• Dataset content:
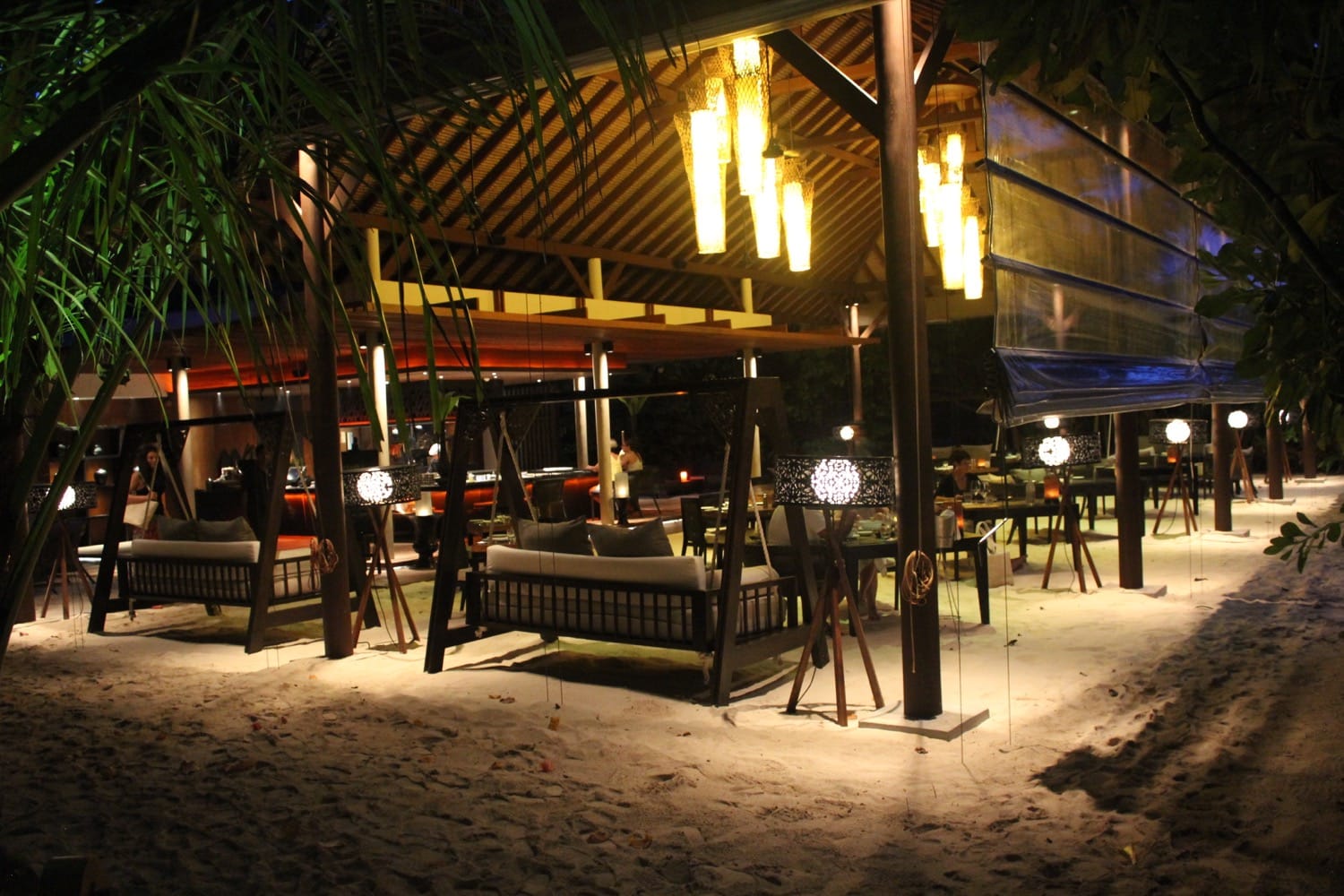 Subsix, located 6 meters underwater in Huluwalu, serves aquarium-style eating alongside contemporary European cuisine. This is a must-visit luxury seafood dining in the Maldives,2025. The restaurant’s unique design features sea urchin-inspired chandeliers and floor-to-ceiling windows showcasing the surrounding lagoon. It is one of the best places to visit in the Maldives after 11 PM as it transforms into a nightclub-style venue.
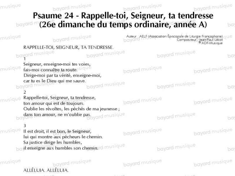 Psaume 24 - Rappelle-toi, Seigneur, ta tendresse (26e dimanche du temps ordinaire, année A)
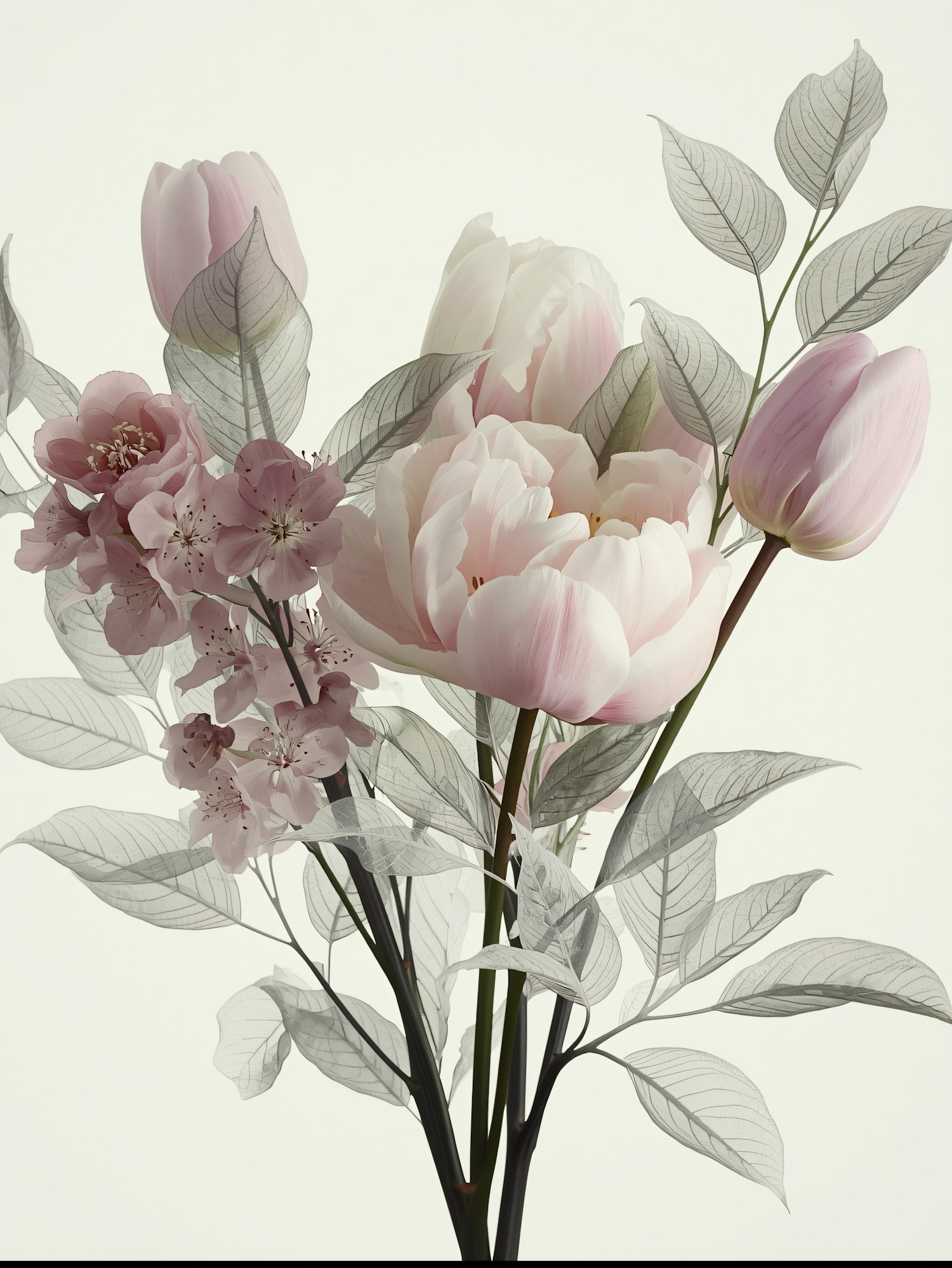 A delicate floral arrangement with soft pink tulips and blossoms, paired with translucent veined leaves on a light background.
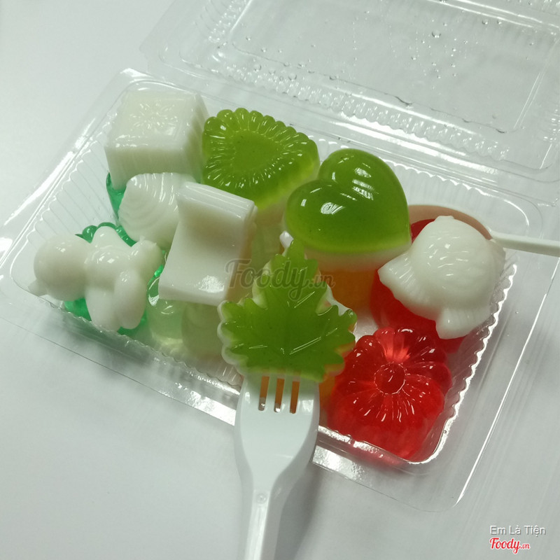 7.0Rainbow Jelly Cake - Bánh & Thạch Rau CâuChiều mát với hộp thạch rau câu bắt mắt đủ hình luôn à. Thạch với nhiều hình nhiều màu, nhìn ngộ ngộ ăn mềm thanh mát. Mình thích ở chỗ là nó có độ ngọt vừa phải và giá khá phải chăng 2,5k 1 viên. Có 2 hộp panacotta vị dâu tằm và vị chanh leo. Cả 2 hộp mình thấy ăn đều ổn, rõ vị dâu tằm và chanh leo, cốt mềm và thơm. Giá cho hộp đó là 12k/hop. ...Xem thêm

• Exercise prompt:
Write out again, exactly, only the lines from the beginning of the material above to the line that holds "A delicate floral", both ends included, and no pictures.

• Completed task:
 Subsix, located 6 meters underwater in Huluwalu, serves aquarium-style eating alongside contemporary European cuisine. This is a must-visit luxury seafood dining in the Maldives,2025. The restaurant’s unique design features sea urchin-inspired chandeliers and floor-to-ceiling windows showcasing the surrounding lagoon. It is one of the best places to visit in the Maldives after 11 PM as it transforms into a nightclub-style venue.
 Psaume 24 - Rappelle-toi, Seigneur, ta tendresse (26e dimanche du temps ordinaire, année A)
 A delicate floral arrangement with soft pink tulips and blossoms, paired with translucent veined leaves on a light background.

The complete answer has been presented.